Jalon a récemment participé aux travaux portés par l’ARTM et Propulsion Québec pour dessiner une « feuille de route vers une offre MaaS ». Au cours de cet exercice, Jalon a apporté son expertise et sa vision pour construire un cadre et un service adapté aux spécificités montréalaises. La réflexion de Jalon a plus particulièrement porté sur la prise en compte et l’intégration des plus petits fournisseurs de mobilité (parfois même startups) dans l’ambition collective du MaaS.
Depuis quelques années, l’acronyme MaaS pour « Mobility as a Service » bénéficie d’une grande popularité et suscite beaucoup d’espoir, voire d’avidité, de la part de nombreux joueurs de l’univers de la mobilité des personnes. Cependant le MaaS doit avant tout être au service des citoyens.
Une plateforme de type MaaS permet de centraliser et de faciliter l’accès à un portefeuille de solutions multimodales, publiques et privées. Elle rassemble donc différents modes de transport, propose les meilleures combinaisons selon le besoin de déplacement et les préférences personnelles, et permet d’accéder à une tarification adaptée avec une solution de paiement et de facturation unique.
Le MaaS doit donc permettre d’entrer dans une nouvelle ère où les voyageurs démunis face à la méconnaissance des offres, au foisonnement des alternatives et à la diversité des titres, disposeront d’un accès simplifié à une offre de mobilité adaptée à leurs besoins.
Un vecteur de changement de pratiques
Ce serait une erreur de limiter le MaaS à cette seule plateforme technologique. Il doit avant tout être un des bras armés d’une ambition collective pour une mobilité plus durable. Il doit soutenir le transfert modal vers des solutions plus vertueuses en encourageant l’autonomie des utilisateurs, des solutions collectives, partagées et actives, et surtout la direction des auto-solistes vers ces alternatives.
Le MaaS doit donc être considéré par les villes comme un vecteur de changement de pratiques et de mise en œuvre de leur politique de mobilité urbaine. À ce titre, il doit être cohérent avec l’ensemble des orientations politiques en termes d’infrastructure, d’aménagement, et d’investissement. Il est nécessaire d’arbitrer les choix économiques en fonction de leurs répercussions sur la mobilité durable (tarification incitative, subventions publiques). Mais cela ne doit pas se limiter aux transports publics. Le stationnement est un service périphérique à la mobilité dont le coût peut être un réel facteur de démotivation pour l’auto-solo.

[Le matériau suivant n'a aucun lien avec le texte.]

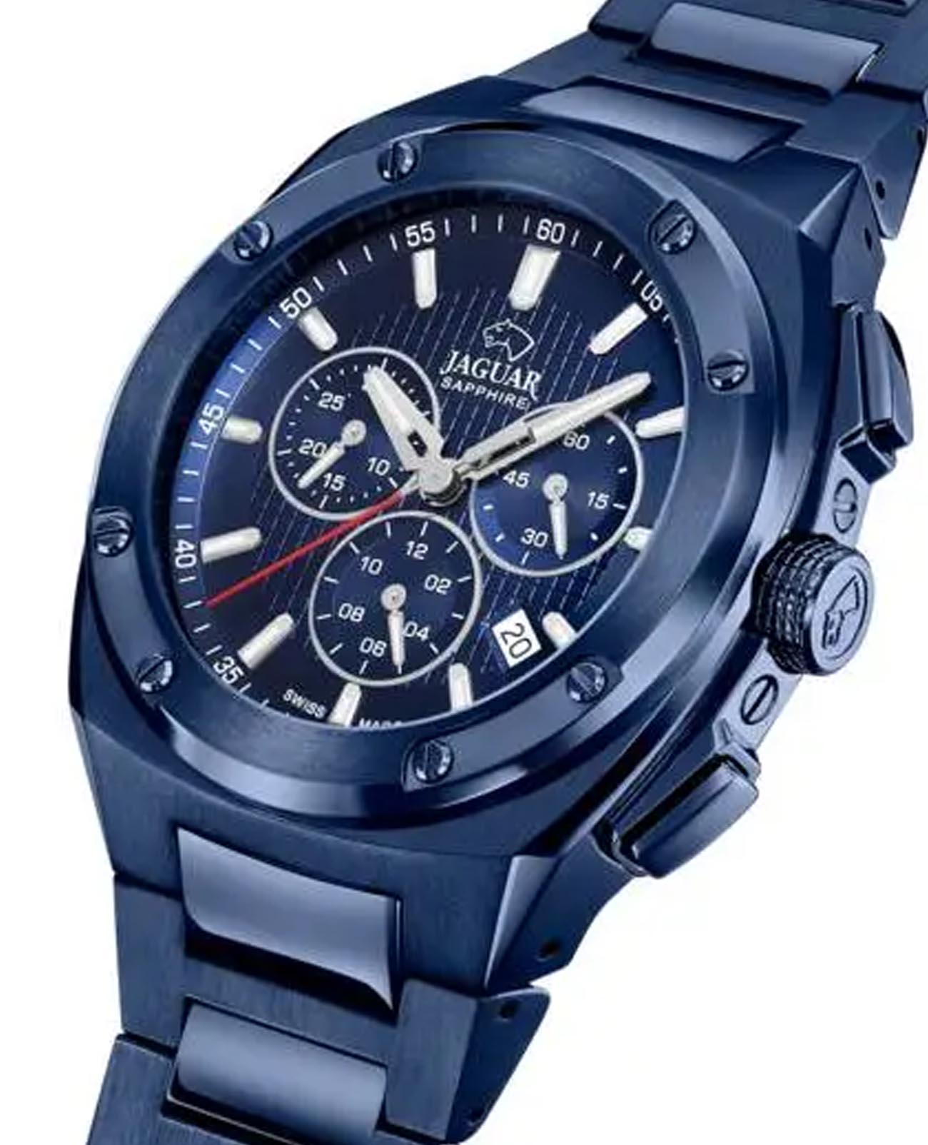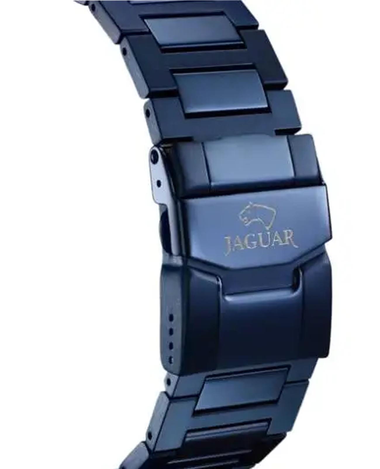 Мужские швейцарские часы-хронографХронографФункция позволяет измерять отрезки времени с особой точностью: часы, минуты, секунды. Верным признаком хронографа является наличие на циферблате 3 дополнительных окошек-счётчиков. Jaguar Executive J991/1. Кварцевый швейцарский калибр Ronda 5030d. Сапфировое стеклоСапфировое стеклоПрочный и надёжный материал из кристалла сапфира синтетического происхождения, характеризующийся особой твёрдостью и устойчивостью к царапинам и повреждениям. устойчивое к мелким механическим повреждениям. Корпус и браслет часов изготовлены из нержавеющей стали с PVD-покрытиемPVDУльтратонкое покрытие наносится в технике вакуумного напыления, сочетает в себе нитрид титана особой прочности со слоем золота или оксида хрома. Несёт в себе декоративную или защитную функцию.. Стрелки и метки с люминесцентным покрытиемЛюминесцентное покрытиеПозволяет считывать показания времени в темноте. Производители наносят на стрелки, часовые индексы, безель или поверхность циферблата светонакопительный состав, дающий холодное свечение.. Окошко даты находится в положении между «4» и «5 часами». Класс водозащиты: 50 метров, позволит защитить корпус от случайных брызг или капель дождя. Стальной браслет с PVD-покрытиемPVDУльтратонкое покрытие наносится в технике вакуумного напыления, сочетает в себе нитрид титана особой прочности со слоем золота или оксида хрома. Несёт в себе декоративную или защитную функцию. на раскладной застёжкеРаскладная застёжкаТакой тип застёжки используется только на браслетах из металла. Она никогда не раскрывается полностью, происходит разделение на 2 и более частей. Раскладывающая застёжка снизит вероятность потери часов к минимуму.. БезельБезельВнешний ободок, закрепляющий стекло. В спортивных часах так называется поворотное кольцо с делениями на циферблате, выполняет роль таймера – замеряет отрезки времени на шкале. Неподвижный безель – элемент декора. Однонаправленно вращающийся безель на дайверских часах позволяет фиксировать моменты погружения и выныривания на поверхность. с PVD-покрытиемPVDУльтратонкое покрытие наносится в технике вакуумного напыления, сочетает в себе нитрид титана особой прочности со слоем золота или оксида хрома. Несёт в себе декоративную или защитную функцию..

En plus d’encourager les transferts modaux, le MaaS pourrait même favoriser la réduction des déplacements. Par exemple, en valorisant des services de proximité dans la plateforme (commerces locaux, bureaux partagés, etc.), il permettrait de limiter le nombre, la fréquence ou la distance de certains déplacements. Alors le MaaS affirmerait sa contribution pour une mobilité plus durable et pour une ville plus agréable. Il renforcerait son effet sur la réduction de la congestion urbaine, sur la place accordée à l’automobile sur la voie publique et sur les émissions de GES.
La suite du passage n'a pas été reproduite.